I wonder how often this happens for you?

I’m guessing pretty often because it can happen in small intervals throughout the day till the point you realize you didn’t do anything you actually wanted to do or that made you happy OR in huge chunks where you feel the weight of the people pleasing immediately.

As always I just want to be more aware. Idk If this is something everyone wants, but it doesn’t hurt. 

My biggest jump towards being my greatest like pleasing myself and being the individual I know I am, was on my birthday.I did everything that made me happy. I treated myself to gifts (for my house and myself) and I took myself out to great new places that I had yet explored. It was wonderful. A little bit uncomfortable at first but overwhelmingly liberating and exciting in the end.

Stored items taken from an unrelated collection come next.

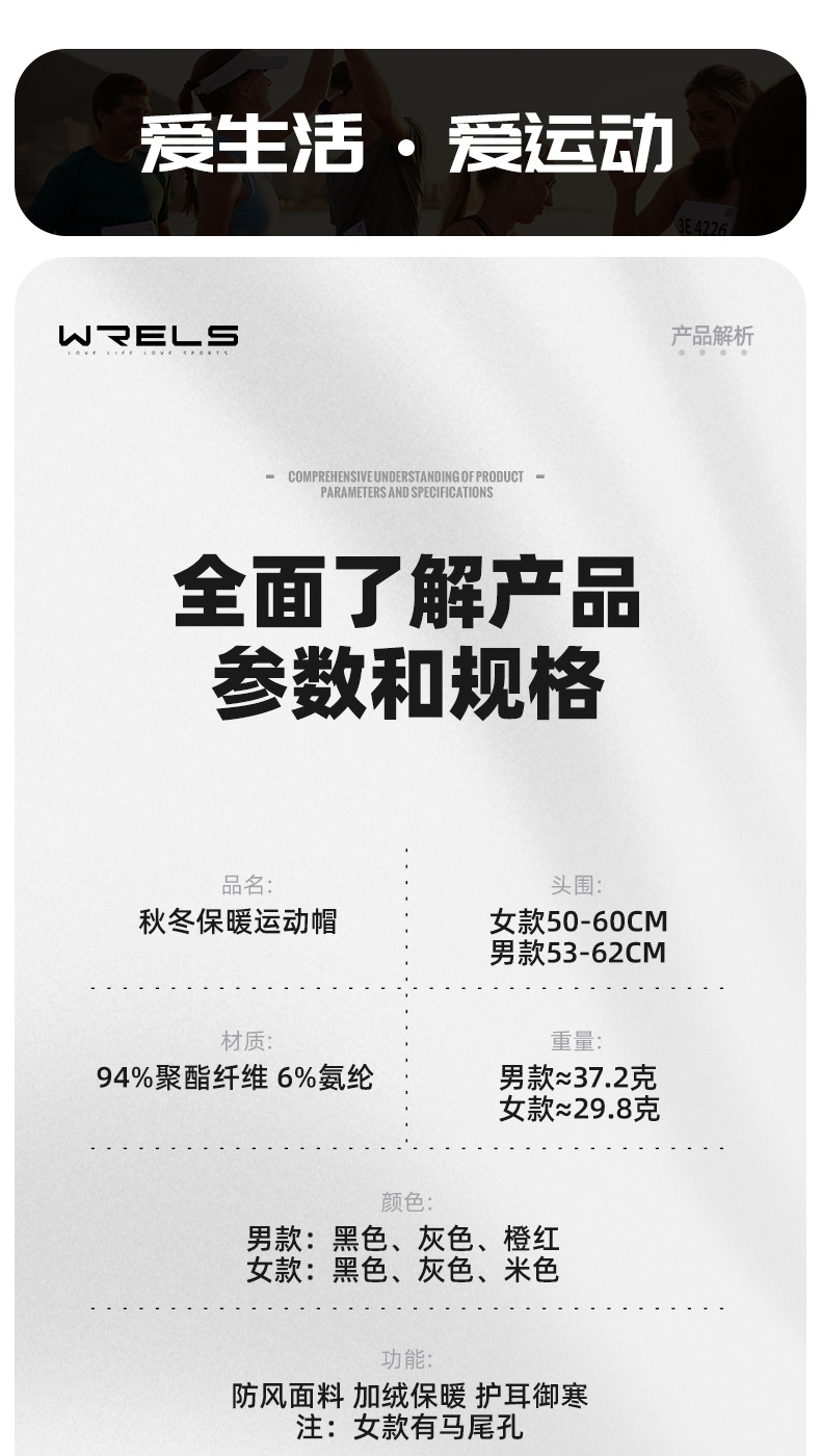 WRELS 가을과 겨울 따뜻한 스포츠 모자 귀 보호 방풍 남성 및 여성 달리기 양털 빠른 건조 콜드 캡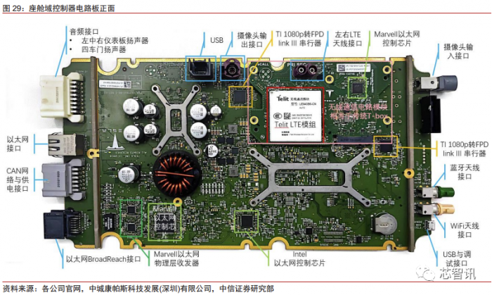 座舱域是用户体验的重要组成部分,特斯拉的座舱控制平台也在不断进化中。本次拆 解的特斯拉 model 3 2020 款采用的是第二代座舱域控制器(MCU2)。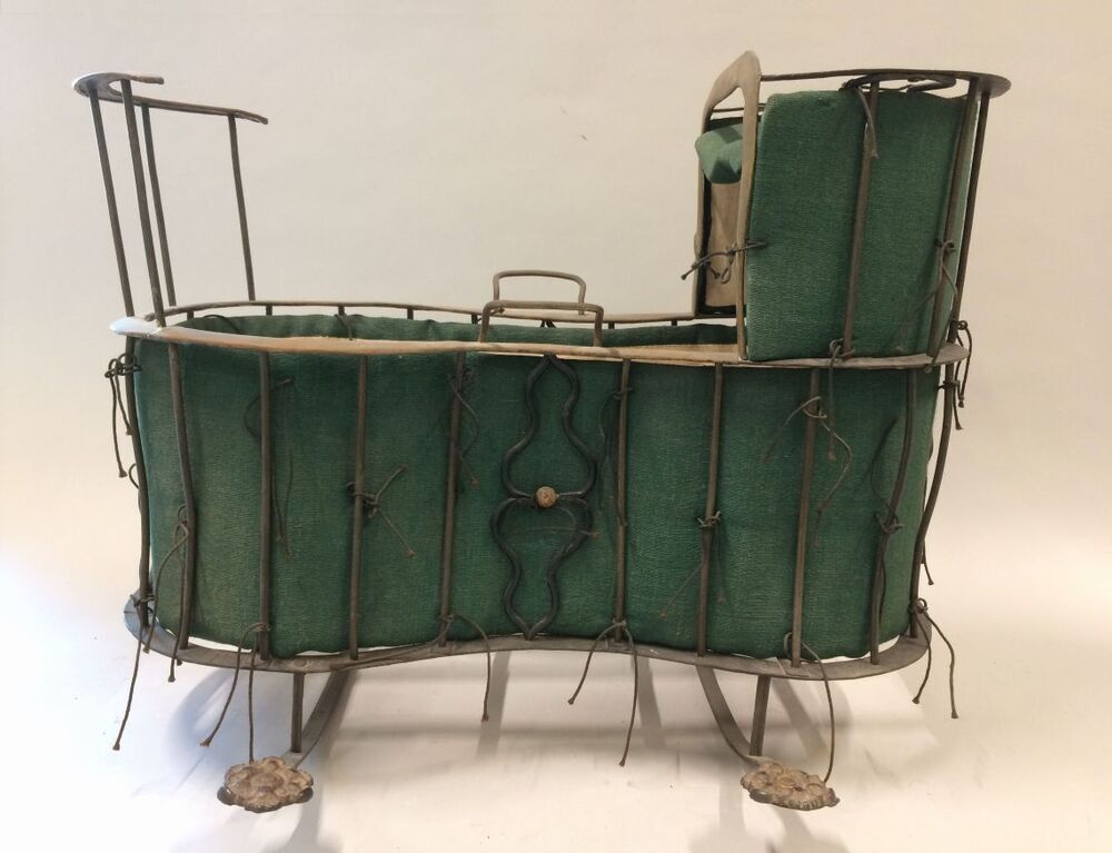 IJzeren poppewiegje met ingebogen lange zijden, afgewerkt met messing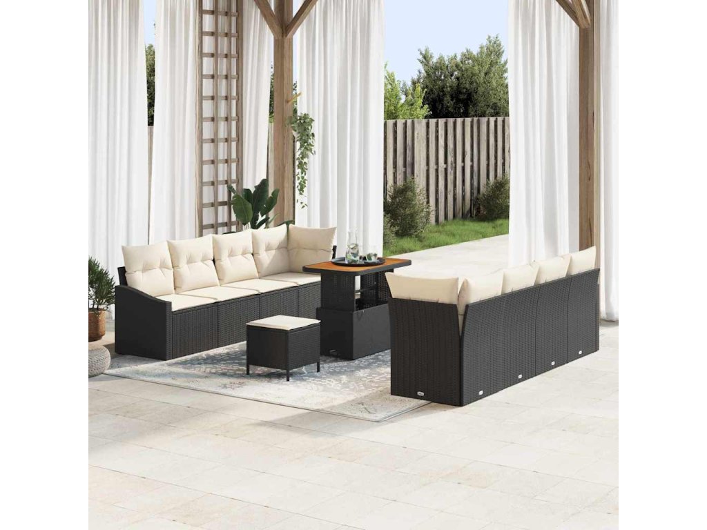 Sada zahradních pohovek s polštářem 11 pcs Černá a krémová [3364580]

It was hard at first since I am one who loves people so doing things with or for others is fun to me also because I enjoy experiencing new things, learning, blah blah.. but when it comes to my plans I’ve noticed time and time again that I don’t really have the same type of support I feel I extend to others and I end up being frustrated and/or let down.

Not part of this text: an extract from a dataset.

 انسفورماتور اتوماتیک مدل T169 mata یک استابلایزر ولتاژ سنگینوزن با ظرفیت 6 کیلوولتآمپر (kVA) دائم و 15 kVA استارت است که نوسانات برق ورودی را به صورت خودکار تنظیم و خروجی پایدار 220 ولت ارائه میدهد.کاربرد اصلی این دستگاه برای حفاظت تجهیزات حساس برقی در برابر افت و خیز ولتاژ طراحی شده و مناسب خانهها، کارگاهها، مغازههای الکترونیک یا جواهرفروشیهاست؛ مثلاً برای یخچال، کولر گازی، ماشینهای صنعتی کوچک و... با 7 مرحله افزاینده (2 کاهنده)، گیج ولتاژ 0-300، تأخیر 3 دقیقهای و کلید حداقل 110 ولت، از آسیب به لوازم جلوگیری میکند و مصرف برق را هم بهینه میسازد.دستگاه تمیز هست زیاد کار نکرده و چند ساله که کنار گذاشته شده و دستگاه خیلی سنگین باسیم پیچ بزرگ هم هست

Now with that said, I’ve also realized that these kinds of frustrations stem from a little bit of dependency. (No, its not bad to depend on the people you care about, but the people you care about should def be apart of the give and take that is a relationship) but in the long run, everyone’s path’s are different and that means that sometimes you have to go it alone.

a few side thoughts on going it alone.

1. It feels lonely at first ..(because you’re training your independence muscle) 

2. You may have to force yourself to do it.. (because you’re only company will be yourself and the new stranger friends you meet)

3. You will end up meeting people interested in your activities

4. You will be fulfilled in the end.. (because it will become a habit to engage yourself in things you enjoy)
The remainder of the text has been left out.